Monday, April 16th, 2012
In the April issue of The American Spectator, AEI’s Roger Scruton joins the long line of criticism in arguing against Frank Gehry’s design for the Eisenhower Memorial. The proposed memorial consists of a “4-acre space [that] will be framed by transparent woven metal tapestries showing the landscape of Abilene, Kan., Eisenhower’s hometown, and supported by 80-foot-tall columns. Included in the proposed ‘Eisenhower Square’ are two large bas reliefs depicting images of him serving as president and general [...] and a sculpture of Eisenhower as a young boy.”
According to Scruton, the chief problem with the proposed design is that it tells us more about its architect than it does about Eisenhower–or our collective celebration of him:
The controversy over Frank Gehry’s design for a “memorial park” to President Eisenhower–a vast array of hideous metal walls, covered with reflections on the President’s humble origins, and mutilating (should it be built) an important public area of the capital city–has alerted Americans to the difficulty, in modern conditions, of obtaining an appropriate monument. Simple gravestones commemorate private people, and are inscribed with words of love from the few who will seriously miss them. Monuments, however, do not only commemorate public figures who have deserved well of the nation. They commemorate the nation, raise it above the land on which it is planted, and express an idea of public duty and public achievement in which everyone can share. Their meaning is not “he” or “she” but “we.” And the successful monument does not stand out as a defiance of the surrounding order, but endorses it and adds to its grace and dignity.

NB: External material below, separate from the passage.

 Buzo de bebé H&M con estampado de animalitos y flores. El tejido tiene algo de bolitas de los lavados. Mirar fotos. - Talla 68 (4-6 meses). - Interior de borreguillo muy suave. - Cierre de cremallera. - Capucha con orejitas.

Washington has many such monuments. But they belong (for the most part) to another era, when architects and sculptors were prepared humbly to retire behind their own creations, so as to respect the city and its meaning. In proposing Gehry as the architect of the Eisenhower memorial, however, Washington has opted for another and newer conception of the architect’s role, and it is important to understand this if we are to grasp the extent and seriousness of their mistake. The Eisenhower family has objected to the plans on the grounds that the resulting collection of screens and narratives seem designed to belittle the former president, to cut him down to size, to redesign him as the barefoot boy who looked in wonder on the high office that miraculously came his way. But this belittling of the subject is exactly what the monument intends. By belittling the President the memorial would exalt its architect. And the true subject of his memorial park, like the true subject of every building that Gehry has ever built, would be Gehry.
This, it seems to me, shows us the reason why monuments are these days so hard to commission, and so invariably disappointing. Architects, who once were servants of the people who employed them, and conscious contributors to a shared public space, have rebranded themselves as self-expressive artists, whose works are not designed to fit in to a prior urban fabric, but to stand out as tributes to the creative urge that gave rise to them. Their meaning is not “we” but “I,” and the “I” in question gets bigger with every new design.

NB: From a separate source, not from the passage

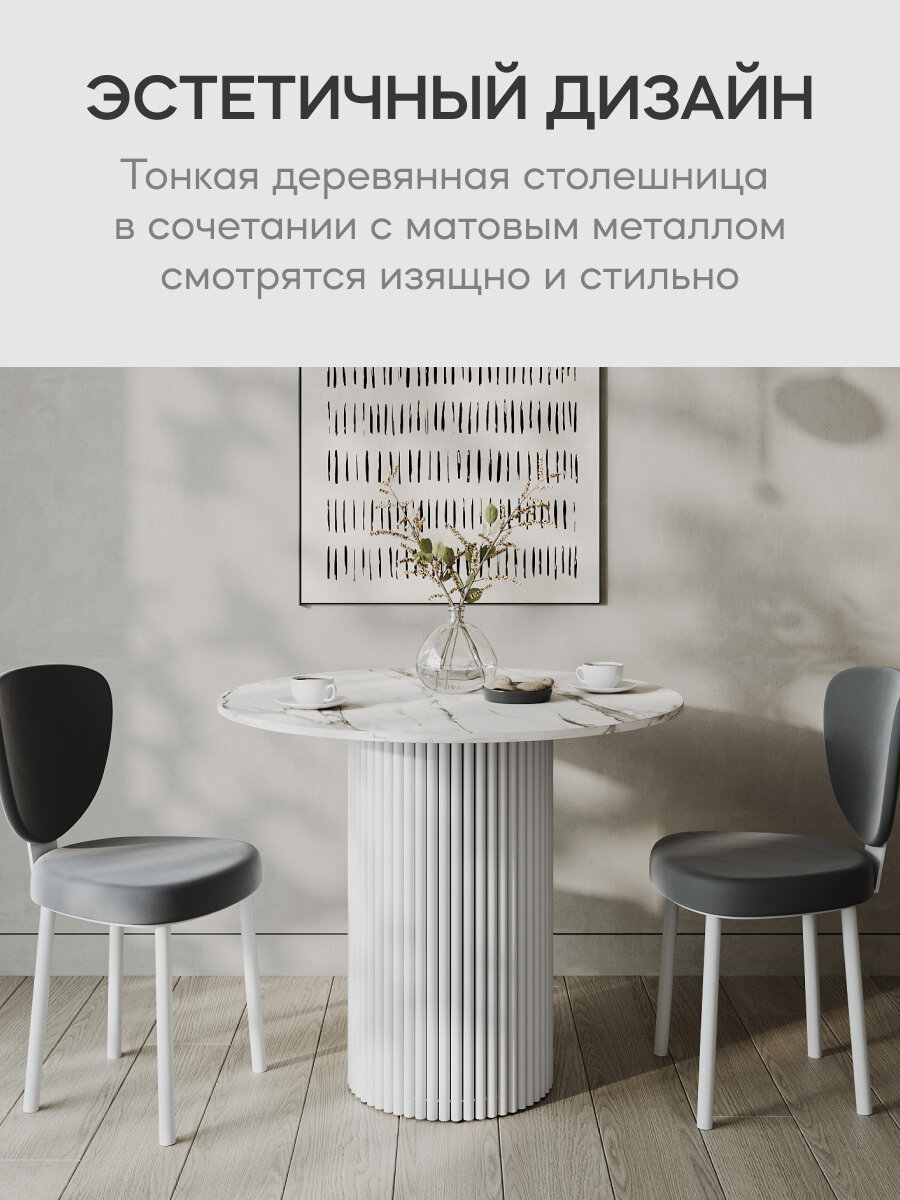 СохранитьGEN GROUP Кухонный обеденный стол TRUBIS Wood L D80 см белый мрамор с белым подстольем интересное:

Gehry belongs to a small and exclusive club of “starchitects,” who specialize in designing buildings that stand out from their surroundings, so as to shock the passerby and become causes célèbres. They thrive on controversy, since it enables them to posture as original artists in a world of ignorant philistines. And their contempt for ordinary opinion is amplified by all attempts to prevent them from achieving their primary purpose, which is to scatter our cities with blemishes that bear their unmistakable trademark. Most of these starchitects—Daniel Libeskind, Richard Rogers, Norman Foster, Peter Eisenman, Rem Koolhaas—have equipped themselves with a store of pretentious gobbledygook, with which to explain their genius to those who are otherwise unable to perceive it. And when people are spending public money they will be easily influenced by gobbledygook that flatters them into believing that they are spending it on some original and world-changing masterpiece.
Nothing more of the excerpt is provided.